The new feature just started rolling out and will eventually be available to all Lyft customers. In addition to paying for rideshares, users can also tap Venmo to use Lyft’s bikes and scooters where available. Lyft also offers a native fare-splitting service outside of Venmo. 

When using Venmo, users have the option to pay with their Venmo balance or link to a card or bank. Riders can pay for trips with PayPal, credit and debit cards, direct banking or Lyft Cash, among other options.

Headquartered in Silicon Valley, Lyft was co-founded by John Zimmer and Logan Green in 2012, although the company first launched in 2007 under the name Zimrides.
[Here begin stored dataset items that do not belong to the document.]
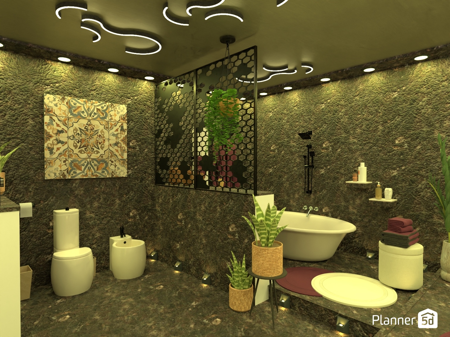 Baño contemporáneo en tonalidad oscura en contraste con los sanitarios blancos. iluminación lineal. atmósfera sobria y elegante. detalles en forja y madera
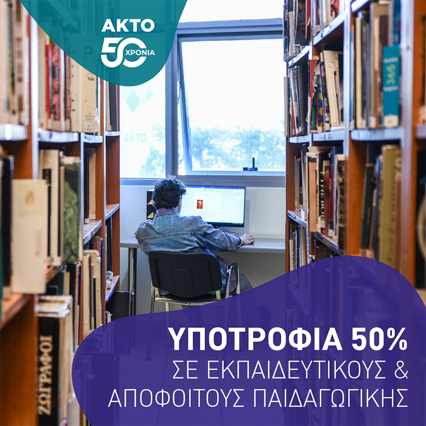 O ΑΚΤΟ προσφέρει 50% Υποτροφία στους εκπαιδευτικούς όλων των βαθμίδων και σε απόφοιτους παιδαγωγικών Σχολών, στο μοναδικό μεταπτυχιακό πρόγραμμα στην Ελλάδα που ειδικεύεται στην Διδακτική των Εικαστικών Τεχνών.
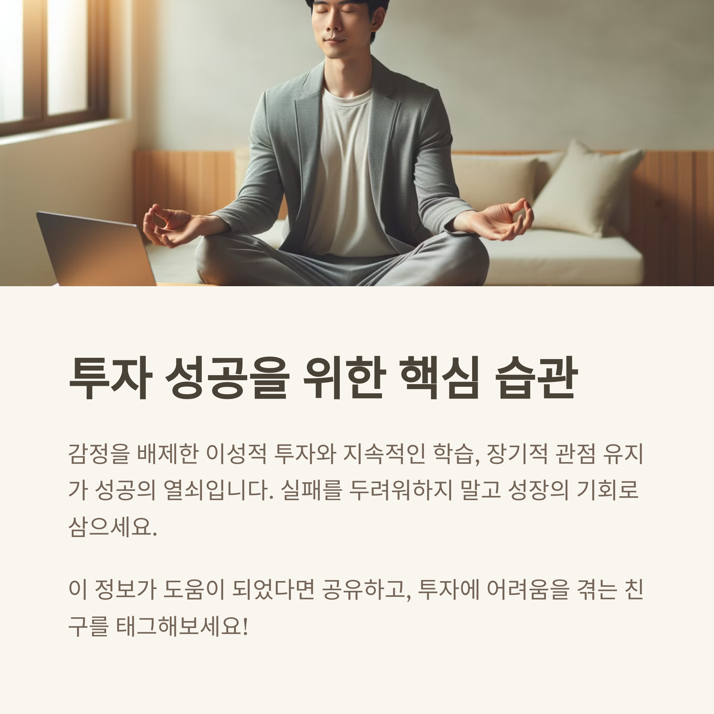 투자는 ‘하는 것’보다 ‘돌아보는 것’이 더 중요합니다. 매번 점검하는 습관이 있다면, 손실은 줄고 수익은 자연스럽게 따라옵니다. Plan → Check → Fix, 이 3단계 루틴만 지켜도 당신의 투자는 실패보다 배움으로 가득 찰 것입니다.

Its biggest competitor is Uber, which launched in 2008. Lyft operates in 644 U.S. municipalities and 12 cities in Canada.
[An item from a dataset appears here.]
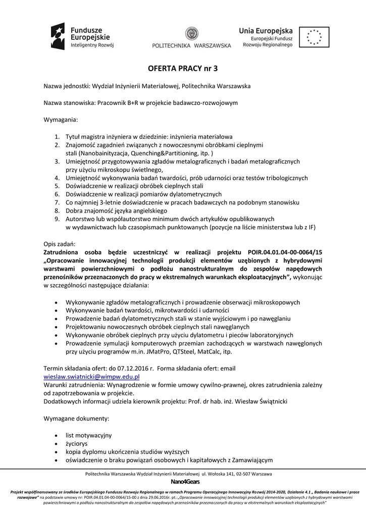 OFERTA PRACY nr 3 Nazwa jednostki: Wydział Inżynierii Materiałowej, Politechnika Warszawska Nazwa stanowiska: Pracownik B+R w projekcie badawczo-rozwojowym Wymagania: 1. Tytuł magistra inżyniera w dziedzinie: inżynieria materiałowa 2. Znajomośd zagadnieo związanych z nowoczesnymi obróbkami cieplnymi stali (Nanobainityzacja, Quenching&Partitioning, itp. ) 3. Umiejętnośd przygotowywania zgładów metalograficznych i badao metalograficznych przy użyciu mikroskopu świetlnego, 4. Umiejętnośd wykonywania badao twardości, prób udarności oraz testów tribologicznych 5. Doświadczenie w realizacji obróbek cieplnych stali 6. Doświadczenie w realizacji pomiarów dylatometrycznych 7. Co najmniej 3-letnie doświadczenie w pracach badawczych na podobnym stanowisku 8. Dobra znajomośd języka angielskiego 9. Autorstwo lub współautorstwo minimum dwóch artykułów opublikowanych w wydawnictwach lub czasopismach punktowanych (pozycje na liście ministerstwa lub z IF) Opis zadao: Zatrudniona osoba będzie uczestniczyd w realizacji projektu POIR.04.01.04-00-0064/15 „Opracowanie innowacyjnej technologii produkcji elementów uzębionych z hybrydowymi warstwami powierzchniowymi o podłożu nanostrukturalnym do zespołów napędowych przenośników przeznaczonych do pracy w ekstremalnych warunkach eksploatacyjnych”, wykonując w szczególności następujące działania: Wykonywanie zgładów metalograficznych i prowadzenie obserwacji mikroskopowych Wykonywanie badao twardości, mikrotwardości i udarności Prowadzenie badao dylatometrycznych stali w stanie wyjściowym i po nawęglaniu Projektowaniu nowoczesnych obróbek cieplnych stali nawęglanych Wykonywanie obróbek cieplnych przy użyciu dylatometru i pieców laboratoryjnych Prowadzenie symulacji komputerowych przemian zachodzących w warstwach nawęglonych przy użyciu programów m.in. JMatPro, QTSteel, MatCalc, itp. Termin składania ofert: do 07.12.2016 r. Forma składania ofert: email [email protected] Warunki zatrudnienia: Wynagrodzenie w formie umowy cywilno-prawnej, okres zatrudnienia zależny od zapotrzebowania w projekcie. Dodatkowych informacji udziela kierownik projektu: Prof. dr hab. inż. Wiesław Świątnicki Wymagane dokumenty: list motywacyjny życiorys kopia dyplomu ukooczenia studiów wyższych oświadczenie o braku powiązao osobowych i kapitałowych z Zamawiającym Politechnika Warszawska Wydział Inżynierii Materiałowej ul. Wołoska 141, 02-507 Warszawa Nano4Gears Projekt współfinansowany ze środków Europejskiego Funduszu Rozwoju Regionalnego w ramach Programu Operacyjnego Innowacyjny Ro zwój 2014-2020, Działanie 4.1 „ Badania naukowe i prace rozwojowe” na podstawie umowy nr: POIR.04.01.04-00-0064/15-00 z dnia 29.06.2016r. pt.:„Opracowanie innowacyjnej technologii produkcji elementów uzębionych z hybrydowymi warstwami powierzchniowymi o podłożu nanostrukturalnym do zespołów napędowych przenośników przeznaczonych do pracy w ekstremalnych warunkach eksploatacyjnych”

Lyft also has a $19.99 monthly loyalty club called Lyft Pink. Subscribers get free Grubhub deliveries in addition to other perks like 15 percent off rides, three monthly cancellations at no charge, three 30-minute bicycle or scooter trips at no charge, and priority pickups during busy times at the airport. Roughly 200,000 U.S. restaurants participate in the program, which requires users to place minimum orders of $12.

Earlier this month, an appeals case concerning California’s 2019 legislation affecting gig workers — Assembly Bill 5 (AB5) — had its first hearing in front of California’s 1st District Court of Appeal. Uber and Lyft are working together to overturn a lower-court ruling that would reclassify their workers as employees instead of independent contractors.

Uber CEO Dara Khosrowshahi called AB5 irrational and unconstitutional in a recent blog post. He also said it was destructive to the business model and to gig jobs.